Il a été écrit qu’Henri Rousseau plus connu comme « le Douanier Rousseau » avait un intérêt pour le spiritisme. Dans le numéro vingt des Soirées de Paris, paru en janvier 1914 et presque entièrement consacré au peintre « naïf », Guillaume Apollinaire précise que de surcroît, il avait vraiment, dans sa vie, affaire aux fantômes.
En page huit de la revue, Guillaume Apollinaire évoque le sujet en précisant d’abord que Rousseau avait connu la guerre d’abord au Mexique puis lors de sa mobilisation à Dreux en 1870. Bien qu’il soit notifié dans la biographie du peintre qu’il n’avait participé à « aucun combat », Guillaume Apollinaire parle néanmoins d’un fait d’armes de l’artiste, alors sergent, qui aurait épargné à la ville de Dreux, « les horreurs de la guerre civile », et qu’il avait même été acclamé par la population aux cris de « vive le sergent Rousseau ». Malheureusement, Apollinaire n’en dévoile pas davantage.
Mais son rapport aux fantômes, raconté par Apollinaire est étonnant : « il en avait rencontré partout et l’un d’entre eux l’avait tourmenté pendant plus d’une année du temps où il était à l’octroi. Le brave Rousseau était-il en faction, son revenant familier se tenant à dix pas de lui, le narguant, lui faisant des pieds de nez, lâchant des vents puants qui donnaient la nausée au factionnaire. A plusieurs reprises, Rousseau essaya de l’abattre à coups de fusil ; mais un fantôme ne peut plus mourir. Et s’il essayait de le saisir, le revenant s’abîmait dans le sol et reparaissait à une autre place… ».

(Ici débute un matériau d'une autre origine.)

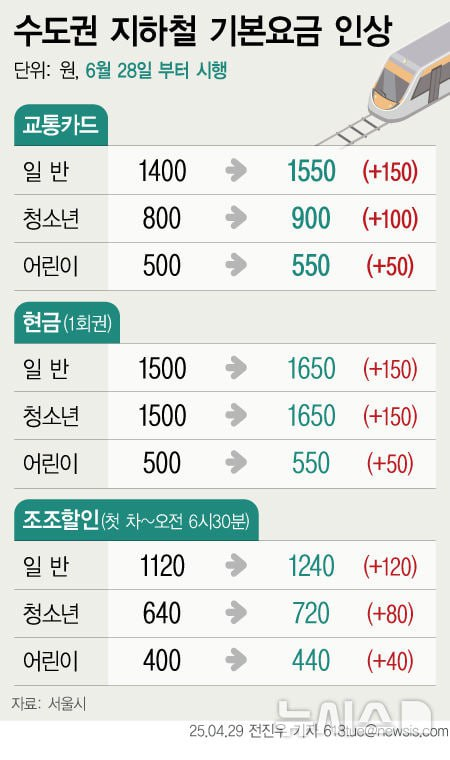 수도권 지하철 요금이 25년6월28일부터 인상된다고 합니다.

Ce numéro vingt des Soirées de Paris est devenu, la faute aux années, un livre de fantômes. Il s’y trouve aussi en noir et blanc, plusieurs toiles de Rousseau dont «Moi-même, Portrait-Paysage» appartenant à la «collection Jastrebzoff» c’est à dire Jean Cérusse mais aussi Serge Férat, directeur artistique et mécène des Soirées.
L’histoire de Rousseau, longuement dépeinte par Apollinaire est complétée par une longue et éloquente correspondance entre le peintre et le poète, mais aussi par une adresse pénible à une certaine Léonie qu’il aimait tant et qui ne vint même pas à son enterrement en septembre 1910.
Heureusement que ce numéro vingt se termine par la narration du banquet, autrement plus gai, consacré à Rousseau et organisé en 1908 dans l’atelier même de Picasso.
« Le Douanier, raconte Maurice Raynal (critique d’art, l’un des promoteurs du cubisme), faisait danser les dames au son de son violon; un accordéon, puis un harmonium étaient venus le seconder, les têtes tournaient, le petit jour naissait, les bouteilles finissaient et quelques uns des invités s’étaient déjà esquivés ».
Maurice Raynal admet ne plus souvenir comment la soirée s’était terminée, chose bien banale. Mais il lui revient néanmoins qu’un invité danois débarqué deux jours après la fin avait pu de son côté vraiment bénéficier du banquet car son arrivée coïncida avec la livraison bien trop tardive des mets commandés pour la fête.
Ce numéro des Soirées avait été tiré sur les presses de l’imprimerie Union, 48 BD Saint-Jacques.
Lire aussi à propos de la tombe de Rousseau l’article rédigé par Gérard H. Goutierre et relire d’autre part, ci-dessous, le merveilleux poème composé par Apollinaire à la mort de l’ami qui lui fit deux fois son portrait en chantant, pour le remercier de sa patience durant la pose.
Gentil Rousseau tu nous entends
Nous te saluons
Delaunay sa femme Monsieur Queval et moi
Laisse passer nos bagages en franchise à la porte du ciel
Nous t’apporterons des pinceaux des couleurs des toiles
Afin que les loisirs sacrés dans la lumière réelle
Tu les consacres à peindre comme tu tiras mon portrait
La face des étoiles
Guillaume Apollinaire (Les Soirées de Paris numéro vingt).
Des invités qui partent trop tôt, des mets qui arrivent 2 jours après la fête, et des absent(e)s aux enterrements, toutes ces manies de fantômes revisitent d’une couleur douce-amère finalement bien plaisante l’image simpliste que l’on se faisait du « gentil douanier »… Merci pour cet éclairage.